News & Views | Published:

Energy science

Fast track for silver

Nature volume 536, pages 150151 (11 August 2016) | Download Citation

A solid composite material has been made that conducts electricity through the rapid transport of silver ions, which diffuse faster than in some liquids. The material holds promise for applications in charge-storage devices. See Article p.159

What happens when two compounds that have contrary properties are mixed together? Do they work against each other, or do they combine constructively to produce unexpected effects? On page 159, Chen et al.1 report an impressive example of the second outcome. They have combined a material that conducts electricity purely through negatively charged electrons with one that conducts through the fast movement of positively charged ions, to create a composite that they call an artificial mixed conductor. The composite exhibits impressively fast ion diffusion, and has the potential to be of use in batteries.
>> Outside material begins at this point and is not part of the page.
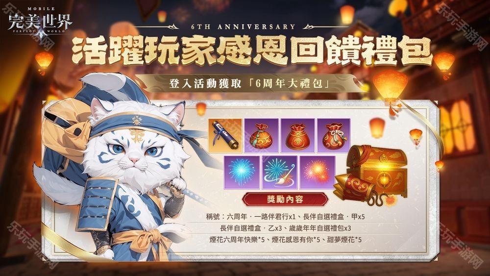立即登入《完美世界 M》即可获得「六周年感恩回馈礼包」,其中包含限定称号「六周年・一路伴君行」、岁岁年年自选礼包、甜梦烟花等多样虚宝奖励。感谢玩家们对游戏的支持与喜爱。

The electron conductor in the composite is graphite2, a carbon allotrope composed of layers made up of six-membered carbon rings. This layered structure means that conduction in graphite varies with the direction of the current. Graphite can conduct negatively charged electrons but can also host various highly mobile ions, and is a widely used electrode in energy-storage devices. Atomically thin layers of graphite are called graphene, and can act as a membrane that conducts protons3.

The other component in the authors' composite is rubidium silver iodide (RbAg4I5), the best known solid conductor of silver ions at room temperature4. This compound can itself be thought of as a composite of silver iodide (AgI) and rubidium iodide (RbI). Silver ions are positively charged, and are large and heavy compared with most other charge carriers. But the rubidium ions in the iodide framework of RbAg4I5 are perfectly arranged to provide vacant sites for the silver ions to 'jump' into. This allows the silver ions to move almost freely in all directions through the solid.

If graphite and RbAg4I5 are combined, then a solid, mixed conductor system might be generated that enables charge transport or conduction by two different charge carriers at the interfaces between the two compounds, potentially offering extremely high conductivity. Conductors that naturally allow conduction through both electron and ion transport have been widely studied and are used in processes that benefit from such optimized conductivity. For example, they have applications in energy-storage devices such as batteries and supercapacitors, and in sensor devices5,6,7.

Duality of charge transport has another advantage: it can be used to change the stoichiometry (the ratio of atom types described by a chemical formula) of a conductor, because the addition or removal of a given charge carrier can be compensated for by adding or removing the oppositely charged carriers. This enables fast transport, storage and redistribution of mass, which is also useful for charge-storage devices. For example, an extra positively charged ion such as Ag+ can be compensated for by the addition of a negatively charged electron, whereas a vacant Ag+ ion can be balanced by adding an electron hole (a quasiparticle corresponding to the absence of an electron; Fig. 1). In pure electron- or ion-conducting systems, such compensation processes are disfavoured or almost impossible, in most cases because of the lack of oppositely charged carriers. A solution to this problem that allows certain stoichiometry changes could be to combine both types of system to form a hybrid.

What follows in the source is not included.